▸ **TASK PROMPT**: Pictures should be excluded; otherwise, copy every entry exactly.

▸ **INPUT DATA**:
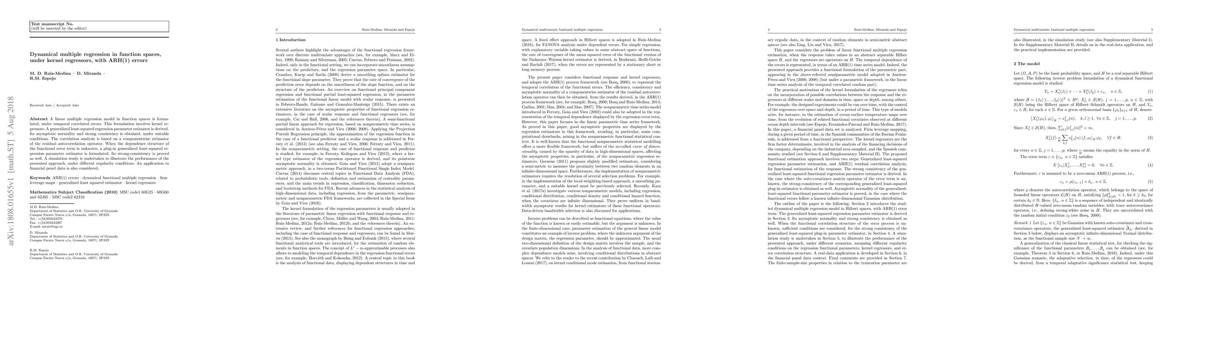 This paper formulates a linear multiple regression model in function spaces with kernel regressors and temporal correlated ARH(1) errors. It derives a generalized least-squared estimator, proving its asymptotic normality and strong consistency, and applies it to financial panel data.
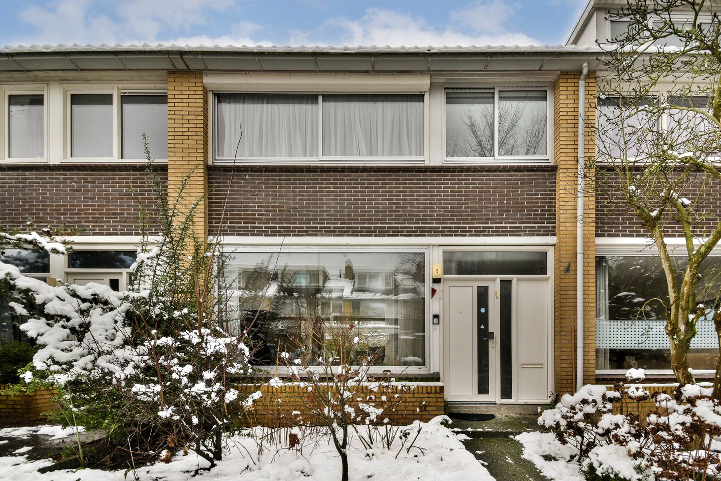 The home is accessed via the front garden. Entrance, hallway with space for your coats; along the hall the downstairs toilet. Pleasant living room with parquet flooring, a (gas) fireplace and a sitting room. A striking feature in this room is the special brick wall of ‘odd bricks’. The dining area at the rear is next to the open-plan kitchen. The sunny garden is accessed via the sliding doors in the living room or the sliding door in kitchen. The west-facing garden is tiled, has a rear entrance and a handy shed.
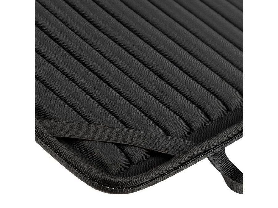 • Внутри дно оборудовано специальными накладками для защиты ноутбука, его рифленая форма обеспечивает хорошую вентиляцию и снижает нагрев устройства при работе в чехле.
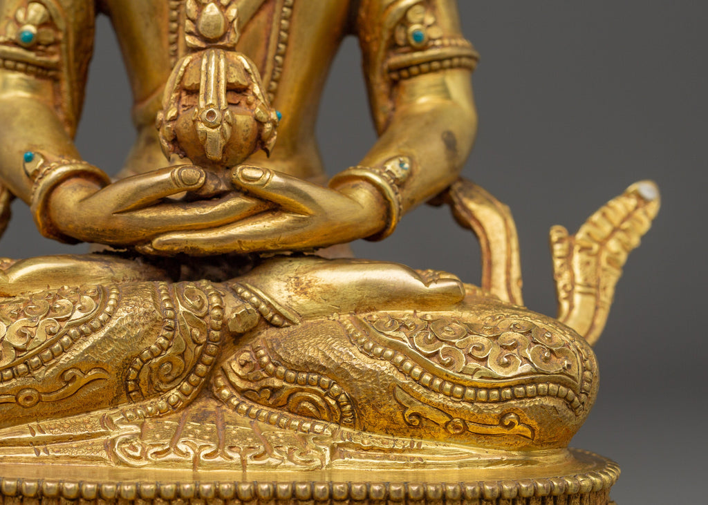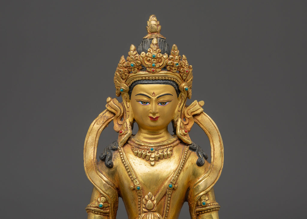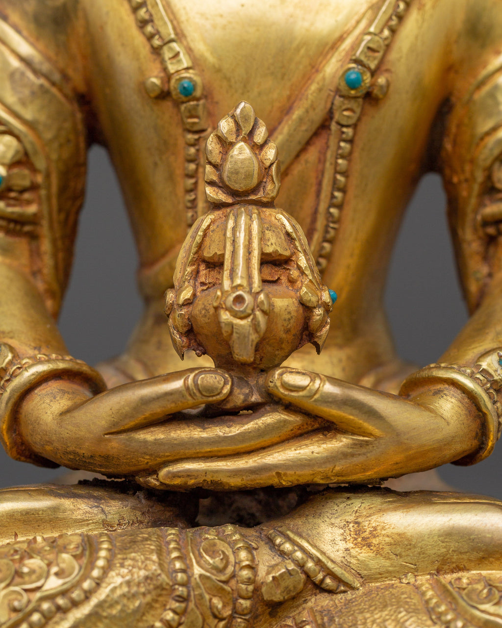 Handmade Gold Gilded Amitayus Buddha Copper Statue | Sculpture for Longevity & Meditation
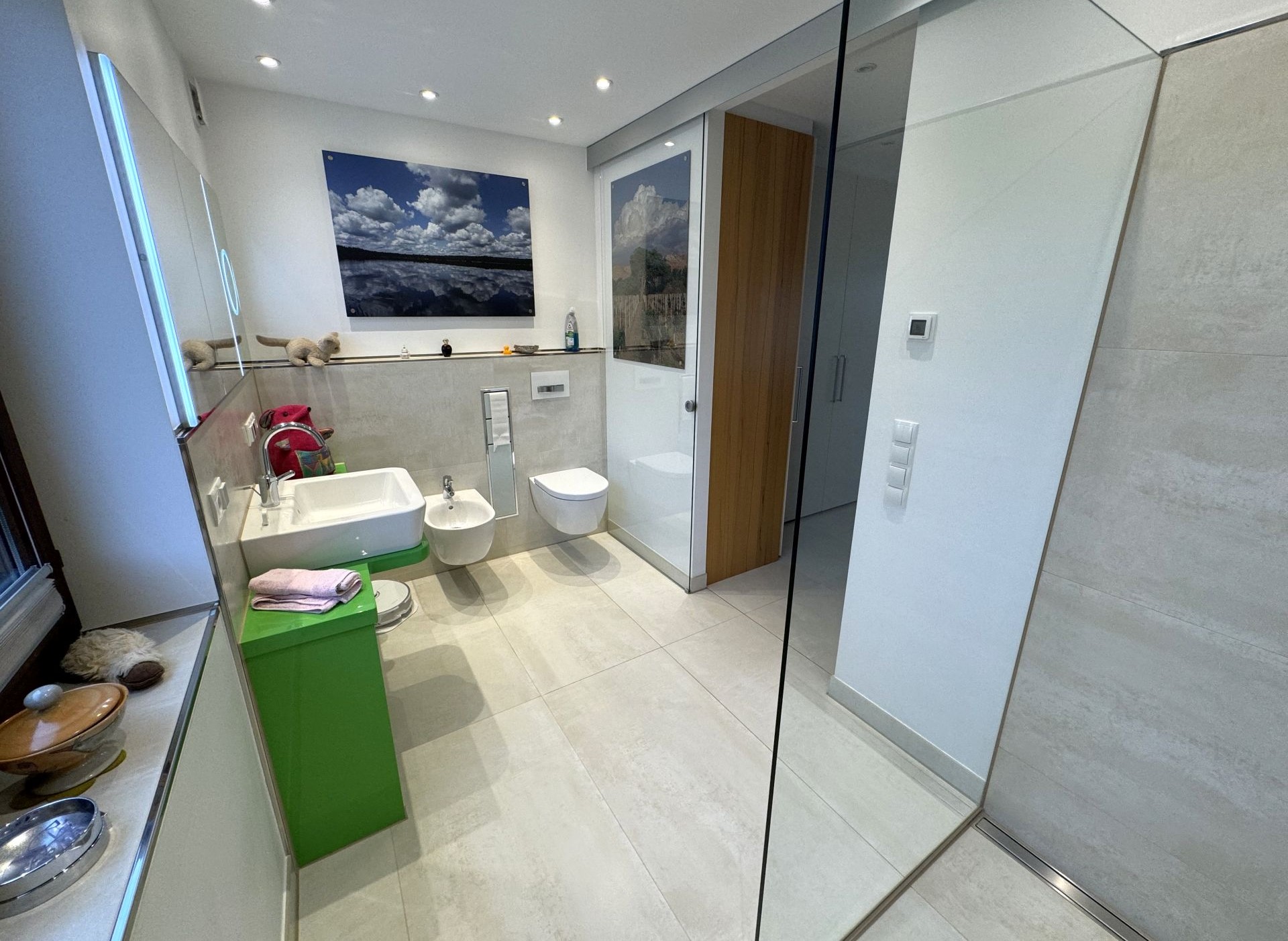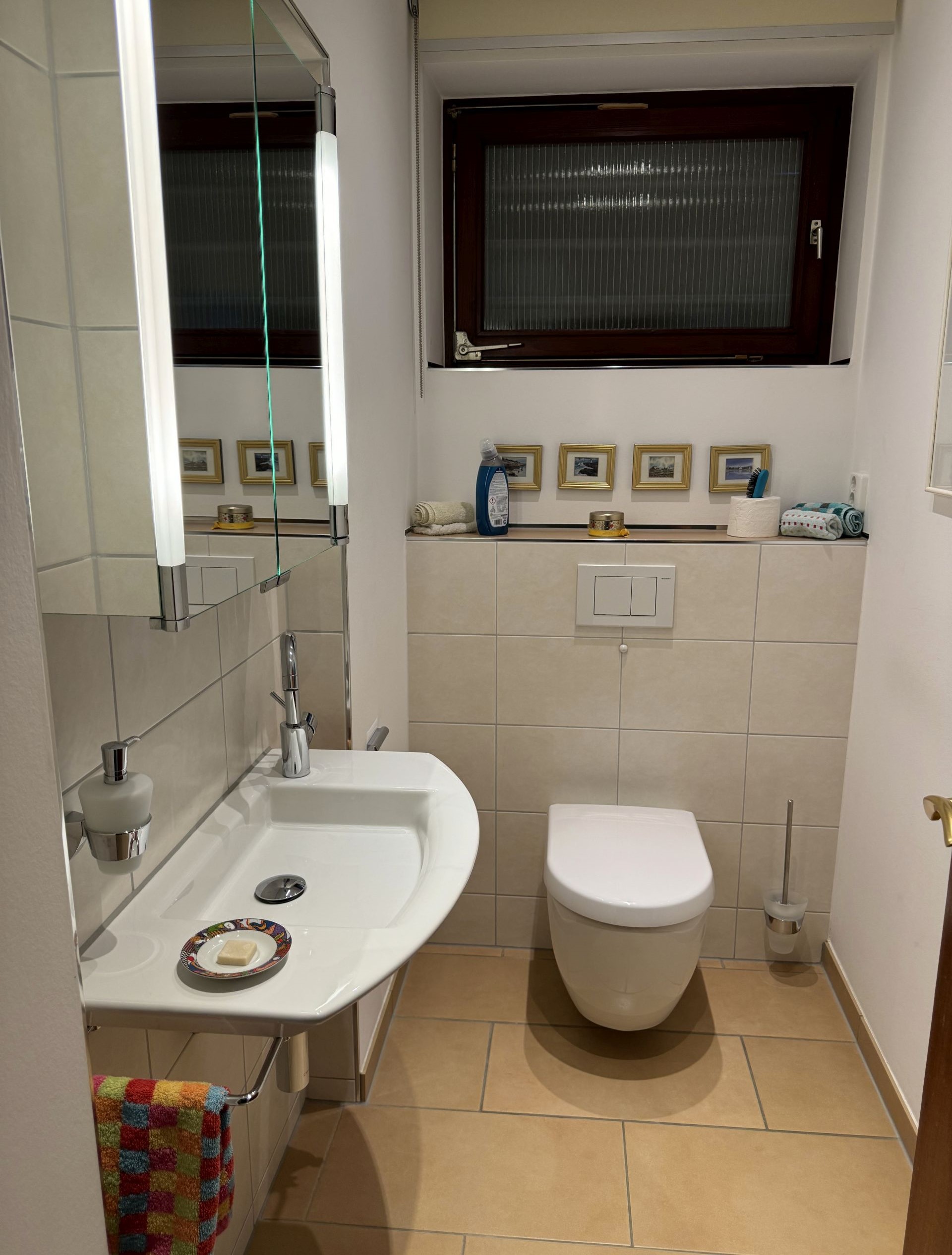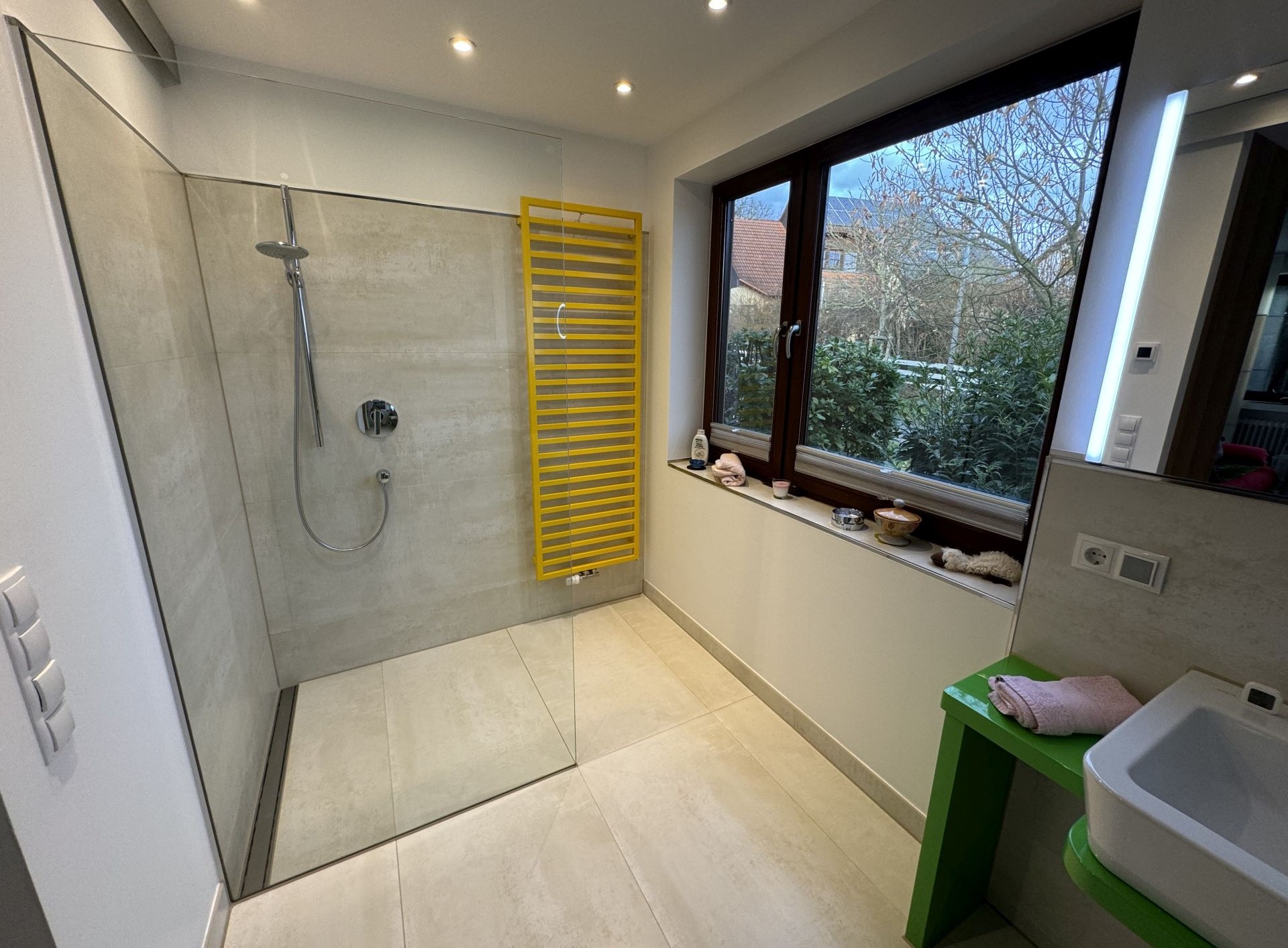 Tageslichtbad: 2015 ist das Tageslichtbad umgebaut und saniert worden; 2024 sind die Armaturen der Dusche ausgetauscht worden.
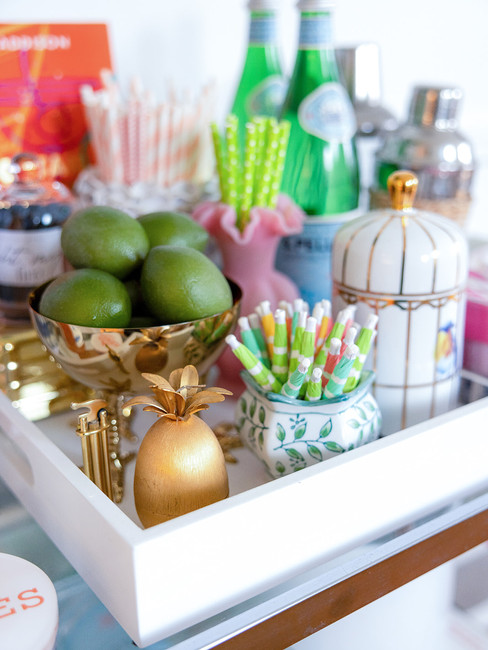 Let's cheers to love. And to do that, why not set up an adorable drink station? We styled this chic bar cart with pretty paper straws, tiny umbrellas, vibrant cocktail napkins and sweet accessories (along with the components of delicious cocktails and mocktails of course).

▸ **ANSWER BELOW**:
 This paper formulates a linear multiple regression model in function spaces with kernel regressors and temporal correlated ARH(1) errors. It derives a generalized least-squared estimator, proving its asymptotic normality and strong consistency, and applies it to financial panel data.
 The home is accessed via the front garden. Entrance, hallway with space for your coats; along the hall the downstairs toilet. Pleasant living room with parquet flooring, a (gas) fireplace and a sitting room. A striking feature in this room is the special brick wall of ‘odd bricks’. The dining area at the rear is next to the open-plan kitchen. The sunny garden is accessed via the sliding doors in the living room or the sliding door in kitchen. The west-facing garden is tiled, has a rear entrance and a handy shed.
 • Внутри дно оборудовано специальными накладками для защиты ноутбука, его рифленая форма обеспечивает хорошую вентиляцию и снижает нагрев устройства при работе в чехле.
 Handmade Gold Gilded Amitayus Buddha Copper Statue | Sculpture for Longevity & Meditation
 Tageslichtbad: 2015 ist das Tageslichtbad umgebaut und saniert worden; 2024 sind die Armaturen der Dusche ausgetauscht worden.
 Let's cheers to love. And to do that, why not set up an adorable drink station? We styled this chic bar cart with pretty paper straws, tiny umbrellas, vibrant cocktail napkins and sweet accessories (along with the components of delicious cocktails and mocktails of course).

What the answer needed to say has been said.